EXERCISE GOAL »
Given the records underneath, please repeat exactly the lines from the line with "Bateria umywalkowa, paraboliczna" through the line with "This page presents", passing over any picture.

SOURCE DATA »
◇ ◇ ◇
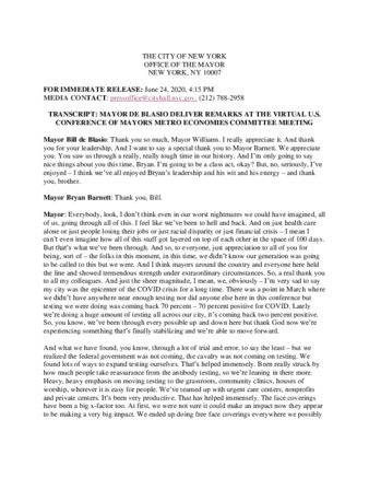 Mayor's Press Release: MAYOR DE BLASIO DELIVER REMARKS AT THE VIRTUAL U.S. CONFERENCE OF MAYORS METRO ECONOMIES COMMITTEE MEETING
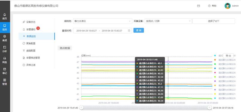 磁致伸縮式靜力水準儀是由一個高精度的磁致伸縮液位計,加上儲液罐、液位浮子、保護罩、調(diào)平支架、通聯(lián)氣、水管等部件組成。
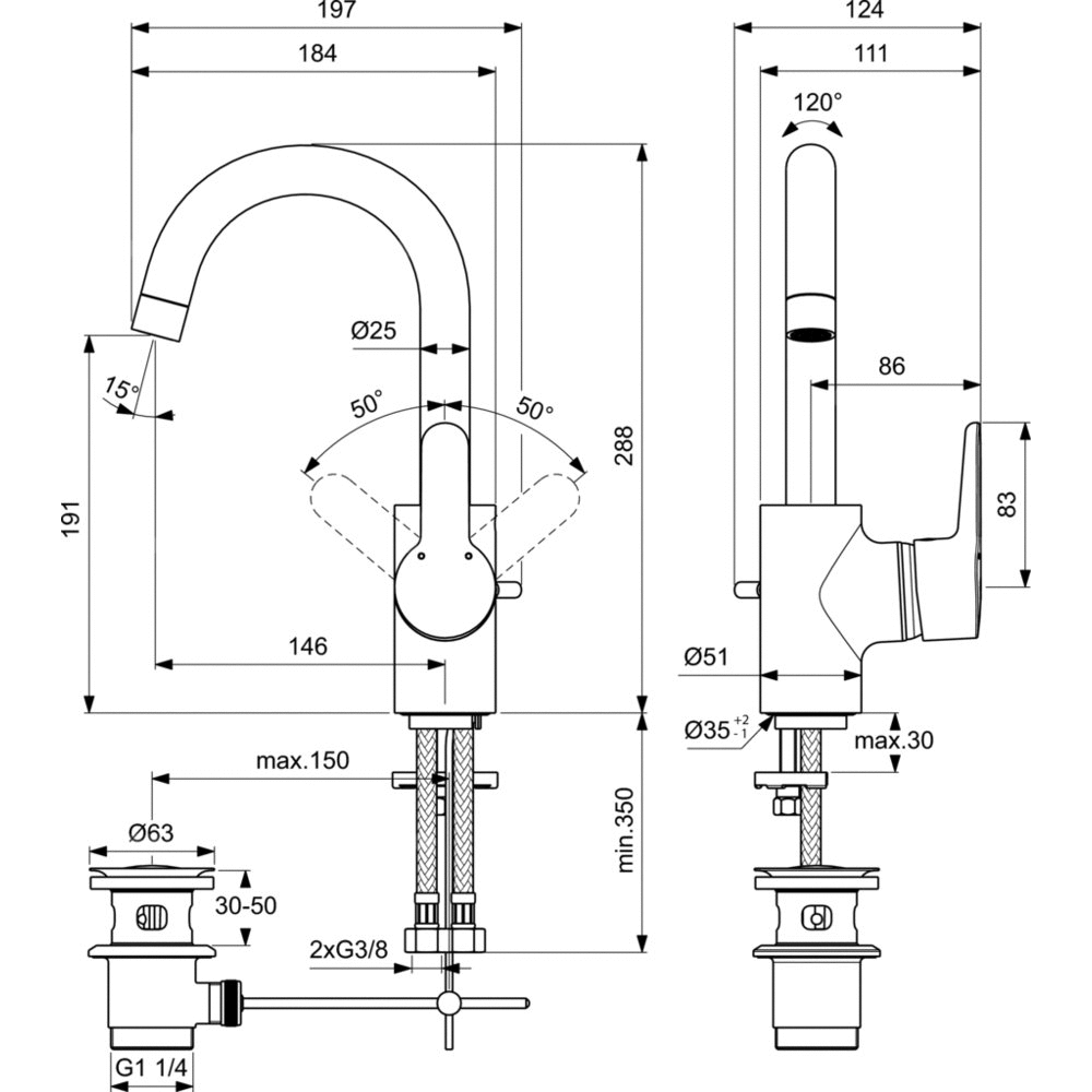 Bateria umywalkowa, paraboliczna wylewka z korkiem automatycznym. Głowica 40 mm CLICK z funkcją ECO i ograniczeniem temperatury wody. Wężyki przyłączeniowe typu SPX G3/8". Paraboliczna wylewka R145 mm 120˚. Areator typu Cascade M24x1. Metalowy uchwyt z nadrukowanymi czerwonymi i niebieskimi oznaczeniami. Metalowy korek automatyczny. System montażu EASY-FIX.
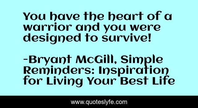This page presents the quote "You have the heart of a warrior and you were designed to survive!". Author of this quote is Bryant McGill, Simple Reminders: Inspiration for Living Your Best Life. This quote is about surivival, spirituality, growth, strength,.
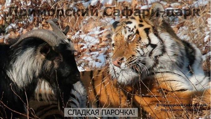 Неразлучная парочка из Приморского сафари-парка обзавелась аккаунтом еще в одной социальной сети. После «Одноклассников» и «ВКонтакте» хищник с копытным зарегистрировались в Instagram. Администрация парка выкладывает здесь самые запоминающиеся фотографии Амура и Тимура. За дружбой Амура и Тимура страна наблюдает с 26 ноября. Козлика прислали тигру в качестве еды, но он повел себя довольно дерзко, и оторопевший хищник не стал его есть. Однако ученые считают, что дружба продлится до того момента, пока козел не вспомнит, что он жертва. Но пока бесстрашный Тимур как будто поменялся с тигром ролями: например, во время снегопада он вынудил Амура уйти из убежища и занял его сам.
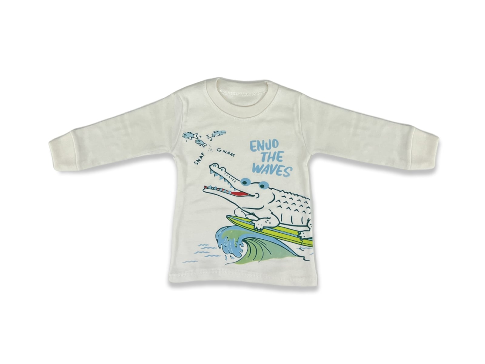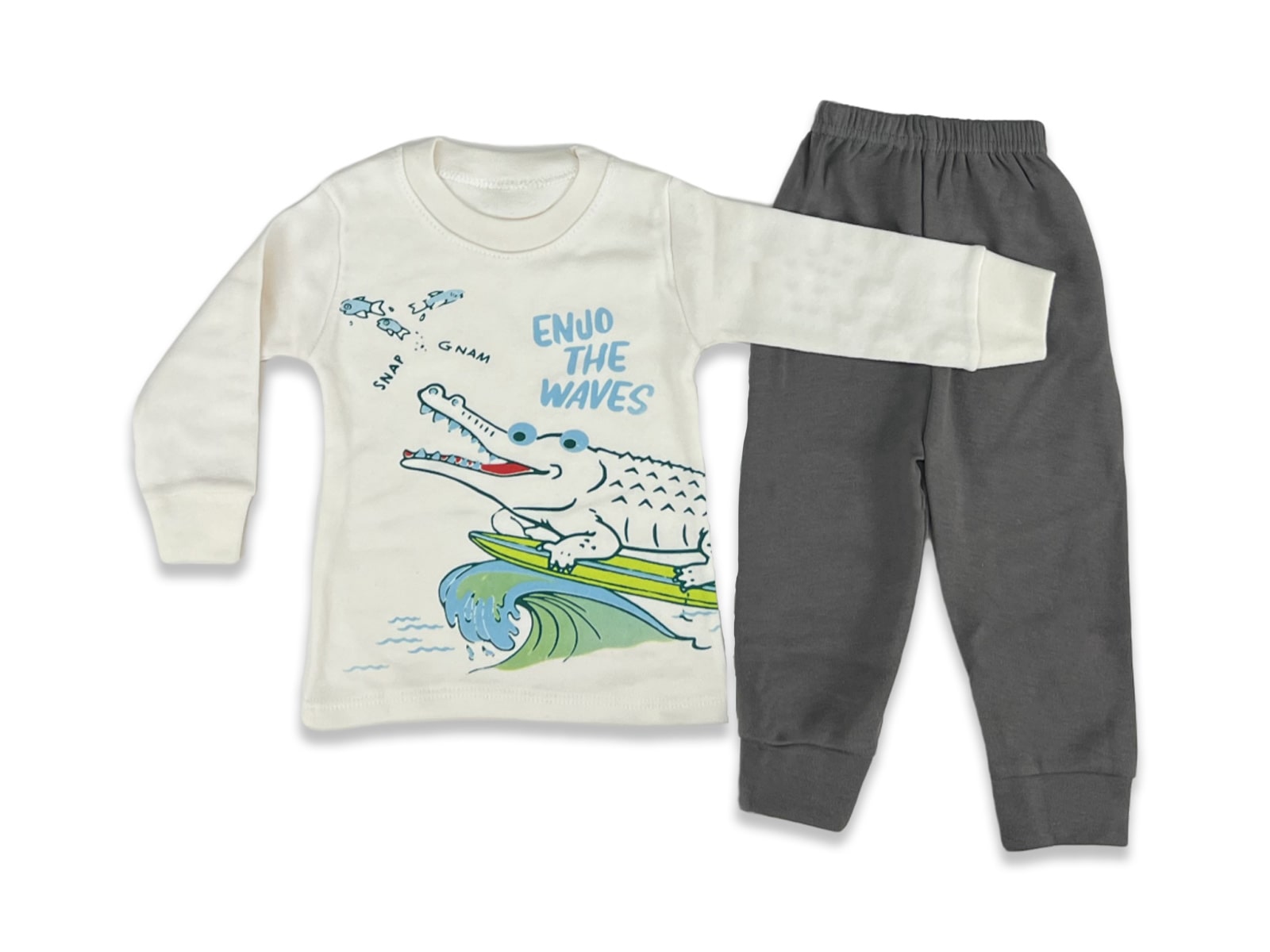 Το σετ αποτελείται από μπλουζίτσα και παντελονάκι. Η μπλουζίτσα είναι μακρυμάνικη σε μπεζ χρώμα με στάμπα ζωάκι κροκόδειλο που γράφει “Enjoy The Waves”. Το παντελονάκι είναι σε ανθρακί χρώμα και έχει λάστιχο περιμετρικά στη μέση και στους αστραγάλους.
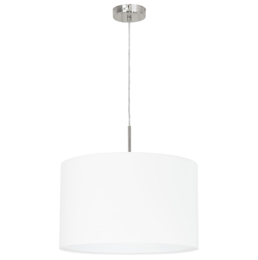 Toto závěsné svítidlo ze série PASTERI je vyrobeno ze saténově niklové oceli a látky v bílé barvě. Bodové světlo potřebuje žárovku E27.
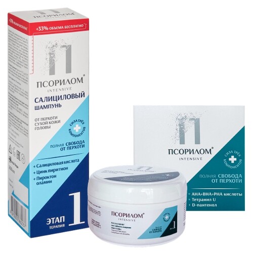 Набор Псорилом «Шампунь салициловый + маска-пилинг с кислотами AHA+BHA+PHA»
◇ ◇ ◇
WRITTEN ANSWER »
 Bateria umywalkowa, paraboliczna wylewka z korkiem automatycznym. Głowica 40 mm CLICK z funkcją ECO i ograniczeniem temperatury wody. Wężyki przyłączeniowe typu SPX G3/8". Paraboliczna wylewka R145 mm 120˚. Areator typu Cascade M24x1. Metalowy uchwyt z nadrukowanymi czerwonymi i niebieskimi oznaczeniami. Metalowy korek automatyczny. System montażu EASY-FIX.
This page presents the quote "You have the heart of a warrior and you were designed to survive!". Author of this quote is Bryant McGill, Simple Reminders: Inspiration for Living Your Best Life. This quote is about surivival, spirituality, growth, strength,.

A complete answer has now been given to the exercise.